As sete regras de interpretação de Hillel

No período do Segundo Templo, rabi Hillel (c.60 a.C – c.7 a.C.) contendia com seu
colega rabi Shammai (c.50 a.C – c.20 a.C.) em mínimos detalhes da Lei mosaica. O
Talmud registra 316 pontos de disputa entre a Casa de Hillel e a Casa de Shammai,
sendo a primeira mais latitudinária em sua interpretação e aplicação da Torá
enquanto a última exigia maior rigor. Subjacente ao debate entre esses sábios tanaítas
estava a diferente hermenêutica empregada.
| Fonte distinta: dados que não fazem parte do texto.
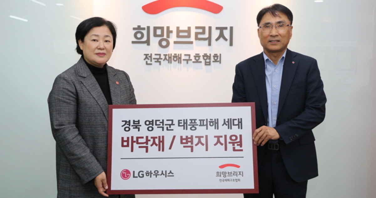 7일 LG하우시스는 서울 마포구 희망브리지 전국재해구호협회에서 경북 영덕군의 태풍 피해 복구를 위한 기부 물품 전달식을 가졌다고 밝혔다.

Hillel utilizava a analogia e a alegoria para adaptar a Torá ao seu objetivo, resumido
na regra áurea de “O que for odioso a você, não faça a seu próximo; isso é toda a Torá”
b.Shabbat 31a. Enquanto Shammai fazia uma abordagem mais literalista, subsuntiva e
legalista.

As chamadas sete regras de interpretação de Hillel antecedem a ele, visto que na


Tanakh já havia aplicações delas. Sem contar sua continuidade das retóricas gregas e
mesopotâmicas. Mas, cristalizadas no período dos tanaítas, seriam modelos
interpretativos que indiretamente influenciaram o nascente cristianismo. Não seria
pretensioso afirmar que toda a filosofia ocidental — especialmente pelas transmissões
de Orígenes, Agostinho, Boécio e Cassiodoro — se beneficiaria dessas regras. Por fim, a
a própria hermenêutica jurídica ocidental pode traçar suas origens em algumas dessas
regras ao longo da moderna halakah judaica.
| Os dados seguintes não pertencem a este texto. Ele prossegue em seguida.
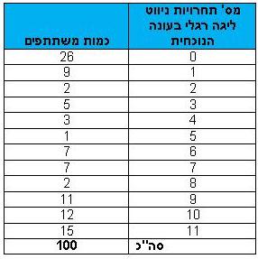 ג. גם הגדרת כמות התחרויות המחושבות לליגה כ-5 יכול לגרום לעליה מסוימת בכמות המשתתפים.

1. Qal vahomer (a majori ad minus; argumento a fortiori): se for verdadeiro para o


caso de menor importância, é verdadeiro para o caso mais importante. É a analogia do
menor para o maior.
Esse raciocínio pode ser ilustrado pelo trecho abaixo. Na época, Davi era um
guerrilheiro sem eira-nem-beira, caçado por Saul. O impasse era sobre salvar a cidade
israelita Queila, sitiada pelos filisteus. Os homens de Davi, que sequer tinham recursos
para enfrentar as forças do rei de Israel e Judá, interpretavam como uma audácia
querer enfrentar os filisteus, forças ainda maiores.
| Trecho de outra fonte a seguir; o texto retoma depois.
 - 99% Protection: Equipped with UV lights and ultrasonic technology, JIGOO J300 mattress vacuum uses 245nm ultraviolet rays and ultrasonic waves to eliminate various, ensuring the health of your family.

E foi anunciado a Davi, dizendo: Eis que os filisteus pelejam contra Queila, e
saqueiam as eiras.
E consultou Davi ao Senhor, dizendo: Irei eu, e ferirei a estes filisteus? E disse o
Senhor a Davi: Vai, e ferirás aos filisteus, e livrarás a Queila.
Porém os homens de Davi lhe disseram: Eis que tememos aqui em Judá, quanto mais
indo a Queila contra os esquadrões dos filisteus.
Então Davi tornou a consultar ao Senhor, e o Senhor lhe respondeu, e disse:
Levanta-te, desce a Queila, porque te dou os filisteus na tua mão.
Então Davi partiu com os seus homens a Queila, e pelejou contra os filisteus, e
levou os gados, e fez grande estrago entre eles; e Davi livrou os moradores de
Queila.
1 Samuel 23:1-5

O raciocínio dos homens de Davi é replicado na inferência rabínica. Por exemplo, as


restrições de atividades nas festas anuais (menos importantes que o sábado) seriam
aplicáveis ao descanso semanal do sábado.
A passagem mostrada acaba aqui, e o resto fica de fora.